Personal information
- Full name: Jentinus (Tino) Johannes Tabak
- Nickname: De Bataaf (The blond)
- Born: 6 May 1946 (age 79) Egmond aan Zee, the Netherlands

Team information
- Current team: Retired
- Discipline: Road
- Role: Rider

Major wins
- Tour of Southland Tour of North Holland Acht van Chaam

= Tino Tabak =

New Zealand cyclist

Jentinus "Tino" Johannes Tabak is a Dutch-born New Zealand cyclist who raced in the Tour de France in the 1970s.

== Biography ==
Born Jentinus (Tino) Johannes Tabak in Egmond aan Zee in the Netherlands on 6 May 1946, he emigrated with his father Gerben and mother Hendrika to New Zealand in December 1952, aged 6. Tino's younger brother Corrie was born in New Zealand. From the age of 10 he aspired to race in the Tour de France.

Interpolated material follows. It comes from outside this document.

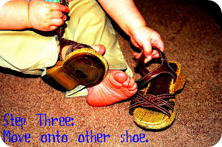 I went to a huge consignment sale on Friday at the Sacramento Convention Center. I purchased many great items (and spent no more than $6 per item) that were in like new condition. This pair of shoes was one fun find ($3) that my Princess can wear this summer. She is so cute! She tries so hard to put her shoes on by herself and she is now saying the word shoes. (Every new word is exciting in our home.)

At the age of 19, Tabak won the 1965 Senior New Zealand Road Cycling Championships. He won the Tour of Southland (youngest rider ever) in 1965, then again in 1966 and 1967. He also won the Tour of Manawatu in 1966 and 1967. And he won the Dulux Six-day Tour of the North Island in 1966 and 1967.

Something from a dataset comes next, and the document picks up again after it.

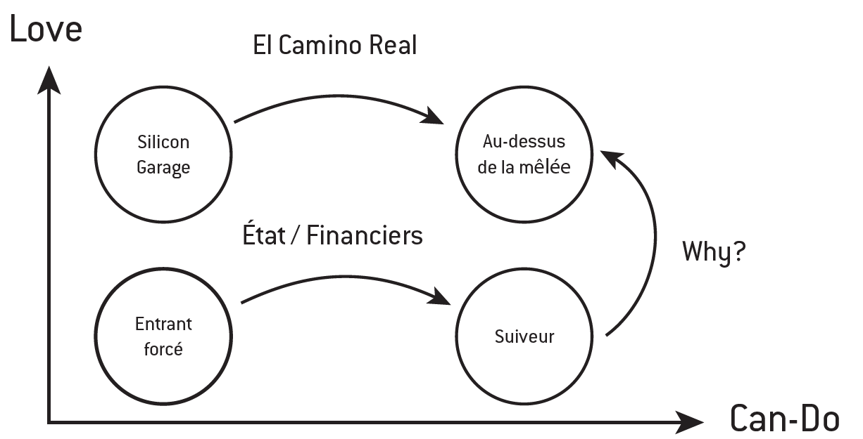 La transition de l’entrant forcé au suiveur est invariablement le résultat d’une contrainte externe : le choix d’un État ou d’un investisseur financier qui ne connaît rien au métier et n’y investit que parce que le marché est là. Enfin, le passage du garage au leadership mondial, à l’instar d’Apple, Google ou Amazon, se fait quand l’acquisition de l’expertise est avant tout motivée par la passion et par rien d’autre : pas par une note, pas par un salaire, pas par un vain prix régional ou municipal, pas par l’attention artificielle d’un incubateur qui infantilise l’entrepreneur, pas par les lauriers d’un ministère en mal de communication ou d’un quelconque «pôle de compétitivité», mais par le seul amour du métier. Un tel entrepreneur suit ce que j’appelle «la voie royale», du nom du boulevard de la Silicon Valley, El Camino Real.

In the 1966 Commonwealth Games he competed in the Road Race, coming 15th.

Tabak is the only rider ever to win all three major New Zealand tours (Manawatu, Dulux and Southland) in one year – twice; in 1966 and 1967.

He left New Zealand for Europe "to learn how to ride a bike" in December 1967. In Europe he raced as an amateur from 1968 to 1970, winning several races, including the 1970 Tour of North Holland (beating future world champion Hennie Kuiper).

In 1971 he turned professional and rode in the Tour de France, placing in the top ten in two stages, and is reported as "The Revelation of the Tour" by Jock Wadley.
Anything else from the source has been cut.